Zuvor sollte auf der „Partykreuzung“ am U-Bahnhof Eberswalder Straße ein junger Mann kontrolliert werden, der mit einer Schreckschusswaffe hantiert hatte. Drei Tatverdächtige im Alter von 17, 18 und 20 Jahren wurden festgenommen, gegen sie wird wegen schweren Landfriedensbruchs ermittelt. Ihre Motivation blieb unklar. Ein Beamter wurde bei dem Übergriff leicht verletzt. Auch die Feuerwehr berichtete von mehreren Angriffen mit Böllern auf Sanitäter und andere Einsatzkräfte in mehreren Bezirken. Mindestens zwei Einsatzfahrzeuge wurde durch Pyrotechnik beschädigt. Die Behörde klagt seit Jahren darüber, dass ihre Arbeit in manchen Stadtteilen massiv behindert wird. „Beim Böllern ist Berlin die verrückteste Stadt“, hatte Feuerwehrchef Wilfried Gräfling zwei Tage zuvor gesagt.
Innensenator Frank Henkel (CDU) verurteilte diese Attacken: „Helfer sind keine Zielscheibe. Für dieses erbärmliche und unfassbar dumme Verhalten fehlt mir jedes Verständnis.“ Dennoch zog Henkel eine positive Bilanz: „Die Nacht ist weitgehend friedlich geblieben. Berlin hatte den Ausnahmezustand im Griff.“ Auch die Situation auf der Silvesterparty vor dem Brandenburger Tor bewertete der Innensenator positiv: „Das Sicherheitskonzept ist aufgegangen.

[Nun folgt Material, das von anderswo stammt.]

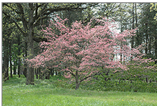
Sweetwater Red Flowering Dogwood in bloom
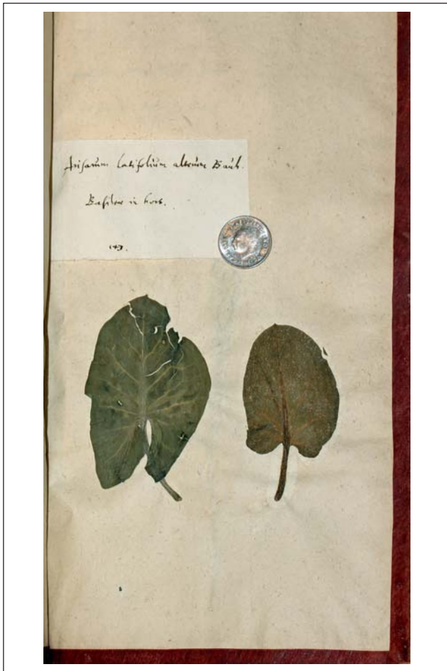
Fig. 2. – Original material of Arum arisarum L. [s.coll., UPS-BURSER]

Therefore, as the herbarium sheet in UPS-BURSER (Herb. Burser X: 143) is very incomplete, we select here as the lectotype the element of the protologue which best matches the traditional and current concept of Arum arisarum . Among the elements cited in the protologue, the illustrations by CLUSIUS (1601) and LOBELIUS (1581) clearly shows the characters of the leaves, spathe and spadix as indicated by LINNAEUS (1753), “ acaule, foliis cordato-oblongis, spatha bifida, spadice incurvo ”, and they are therefore suitable for typification of A. arisarum . These two illustrations are identical, therefore we designated here the Clusius’s illustration as the lectotype (Fig. 1).
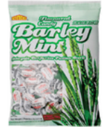
Barley Mint Flavoured Candy
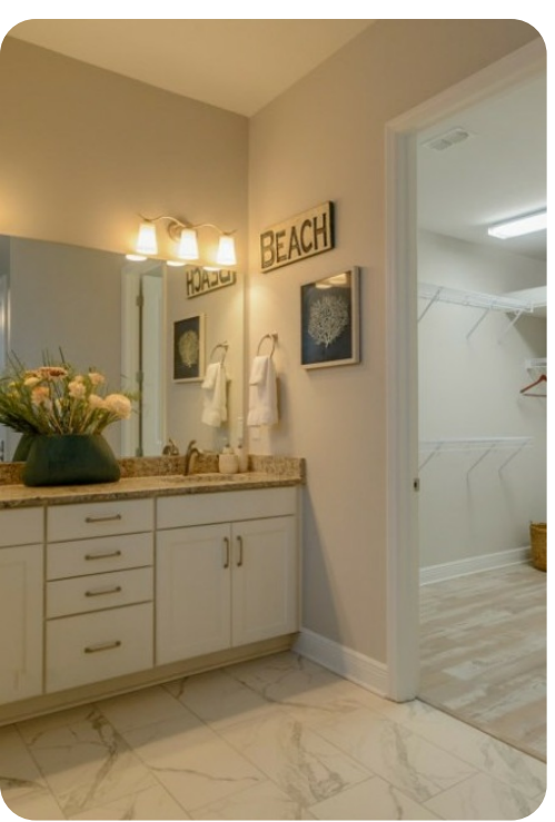
Redington Beach 1 | Page 4 of 8
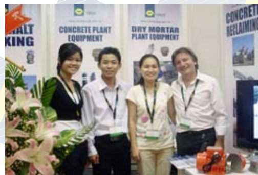
The WAM Vietnam Team at the Show
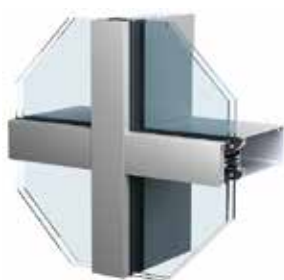
FOUR-WAY STRUCTURAL SYSTEM

As per requested aesthetic appearance, curtain walls can be:
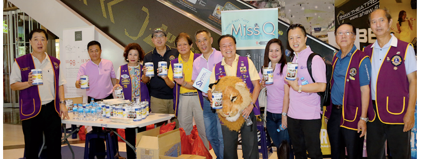
Lions Home Management Board travelled island-wide to support each collection station
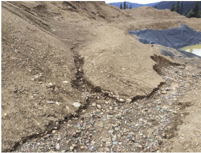
Figure 14: Perimeter Ditching
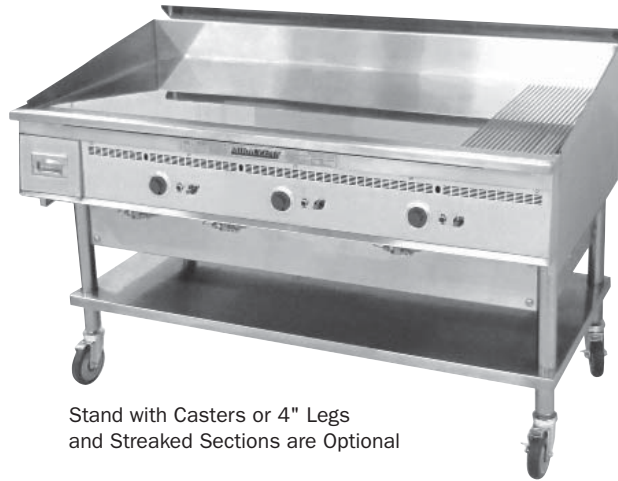
Stand with Casters or 4" Legs and Streaked Sections are Optional

The Keating MIRACLEAN® Griddle is designed to provide maximum performance with many benefits to the operator. The mirror surface is achieved in a special eight step process. High input burners rated at 30,000 BTU/hr. for natural gas are mounted every 12" to ensure performance and recovery allowing the operator to use zone cooking for different products.
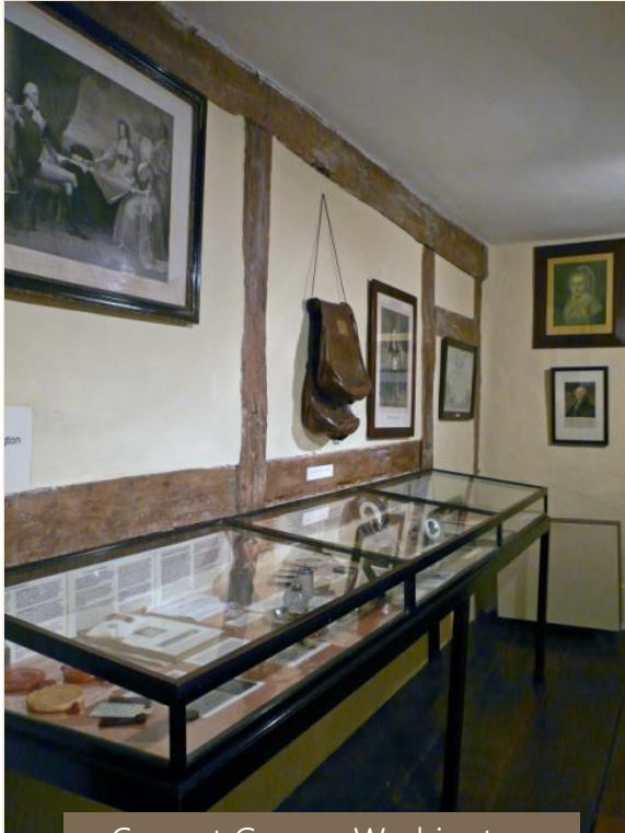
Current George Washington Exhibit
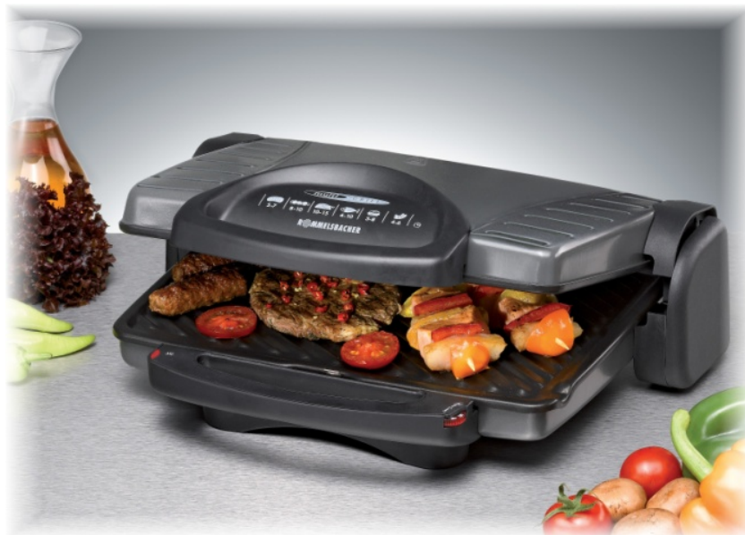
3 grill positions

The non-stick coated grill plates have a drain-channel so that healthy, low-fat grilling is possible in all positions. In addition, the grill plates are dismountable for easy cleaning. An all-rounder which should not be missing in any household!
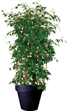
Ref. 113.160 - Ficus ht 1,80/2m Ref. 134.359 - Vas three black

Ich freue mich, dass hunderttausende Menschen ungetrübt feiern konnten.“
Auf der Silvesterparty auf der Straße des 17. Juni gab es dank der intensiven Kontrollen keine besonderen Zwischenfälle. Die Sanitäter auf der Meile leisteten 169 Mal erste Hilfe, 27 Menschen wurden mit Verletzungen in Krankenhäuser gebracht. 900 Polizisten und 600 Ordner sorgten dafür, dass niemand unkontrolliert auf das Gelände kam. Um 22.15 Uhr waren die Eingänge wie in den Vorjahren geschlossen worden, wie die Berliner Polizei twitterte. Es war der vorletzte Tweet der Nacht, anschließend folgten nur noch die Neujahrswünsche – dies zeigt am besten, wie ruhig es in Berlin war.

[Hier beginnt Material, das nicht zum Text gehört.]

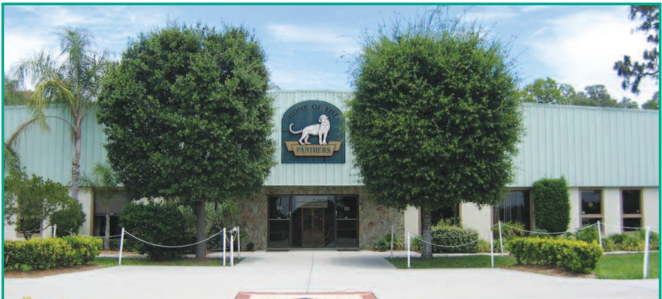
The Genesis Preparatory School gymnasium building

In the admissions process, consideration of applicants is given equally, regardless of race, gender, creed, and national or ethnic origin. Students from all over the world are welcomed and are fully integrated into the Genesis family.
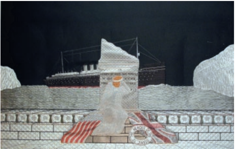
10. ENGLISH SILK NEEDLEWORK, MEMORIAL PICTURE OF THE TITANIC , circa 1912-15 , angel in front of memorial flanked by American and British flags with the Titanic between two icebergs in background. 16 in. x 20 ½ in.
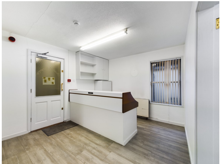
FOR IDENTIFICATION PURPOSES ONLY
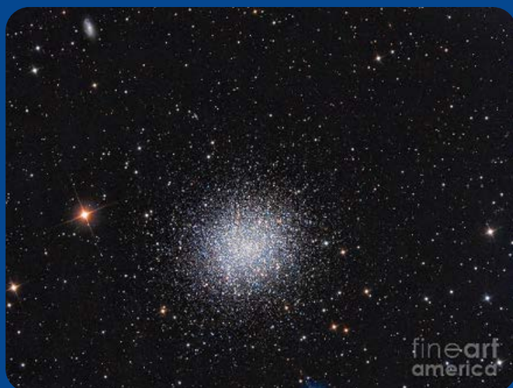
An image of M13

This was a fantastic evening(s). Thanks to the Bedford Astronomical Society and the PSC committee for organising the visit.
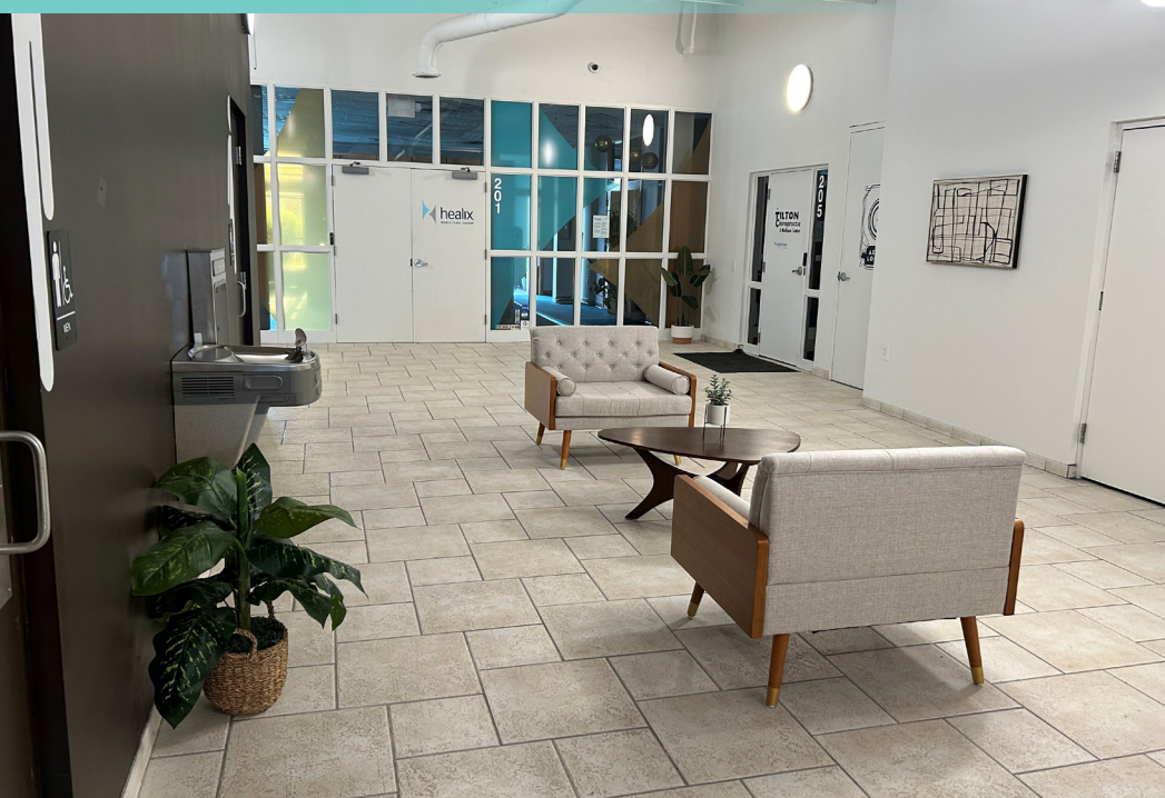
COMMON AREA HALLWAY
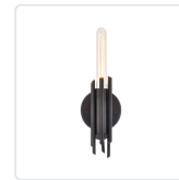
WV335409MB Matte Black

*For complete warranty terms, please visit: www.aloralighting.com/warranty
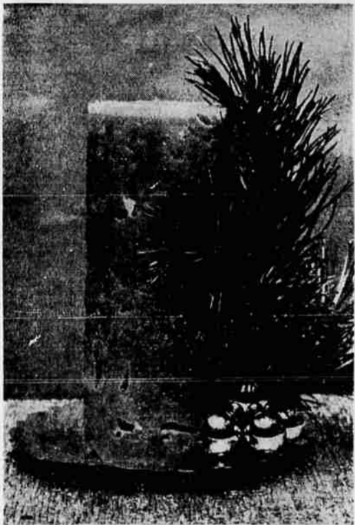
Mrs. Henry Grossman achieved a different texture in a Christmas candle by putting ice cubes in the hot wax as she poured it into the mold. This blue candle arrangement, displayed at the Central Point Garden Club show, stands on a silver plate and is completed with silver Christmas tree balls at the base of an evergreen sprig.

Dabei ist die Zahl der Einsätze und der Notrufe deutlich gestiegen. Zwischen 18 und 6 Uhr gingen bei der Einsatzleitzentrale 3588 (Vorjahr 3285) Notrufe ein. Insgesamt mussten die Beamten 1749 Einsätze bewältigen, dies sind fast 30 Prozent mehr als im Vorjahr (1243). Darunter befanden sich Fahrten zu meist kleineren Schlägereien, Streitigkeiten, verletzten Personen und Sachbeschädigungen sowie Einsätze wegen unsachgemäßen Umgangs mit Pyrotechnik. Der Anstieg hat einen einfachen Grund: Der Jahreswechsel zu 2015 war wegen des ungemütlichen Wetters eine Ausnahme, deshalb hatte es einen Rückgang von 20 Prozent bei den Notrufen und fast 40 Prozent bei den Einsätzen gegeben. Zum Vergleich: 2014/15 hatte es mehr als 2000 Einsätze gegeben.
Ausnahmezustand bei der Feuerwehr
Auch für die Berliner Feuerwehr war es der arbeitsreichste Tag des Jahres, aber längst nicht die arbeitsreichste Silvesternacht. Zwischen 19 Uhr und 6 Uhr wurden genau 1547 Einsätze bewältigt. Darunter waren 432 Brände und 1053 Einsätze von Rettungswagen. Diese Zahlen nannte die Feuerwehr am Neujahrsmorgen. Wie in jedem Jahr wurde um 19 Uhr der planmäßige Ausnahmezustand „Silvester“ ausgerufen. Dann werden die Einsätze nach Priorität statt nach Notrufeingang abgearbeitet. Trotz des Nieselwetters gab es zahlreiche Brände von Balkonen, Kleidercontainern und Schuppen, die fahrlässig oder vorsätzlich durch Kracher ausgelöst wurden.
Im Vorjahr hatte es bei ebenfalls nasskalten Wetter mit 272 Bränden nur halb so viele gegeben wie beim sehr trockenen Jahreswechsel 2012/13, damals hatte es deutlich mehr als 600 Brände gegeben. Die Rettungswagen hatten 50 Einsätze mehr zu bewältigen. Nach Polizeiangaben wurden in der Nacht zwei Fahrzeuge angezündet, politische Motive sind nicht zu erkennen. In Mitte wurde ein 25-Jähriger zehn Minuten vor Mitternacht von einem Unbekannten mit einem abgebrochenen Flaschenhals schwer verletzt. Die Tat geschah auf dem Gehweg der Hugo-Preuß-Brücke vor dem Hauptbahnhof.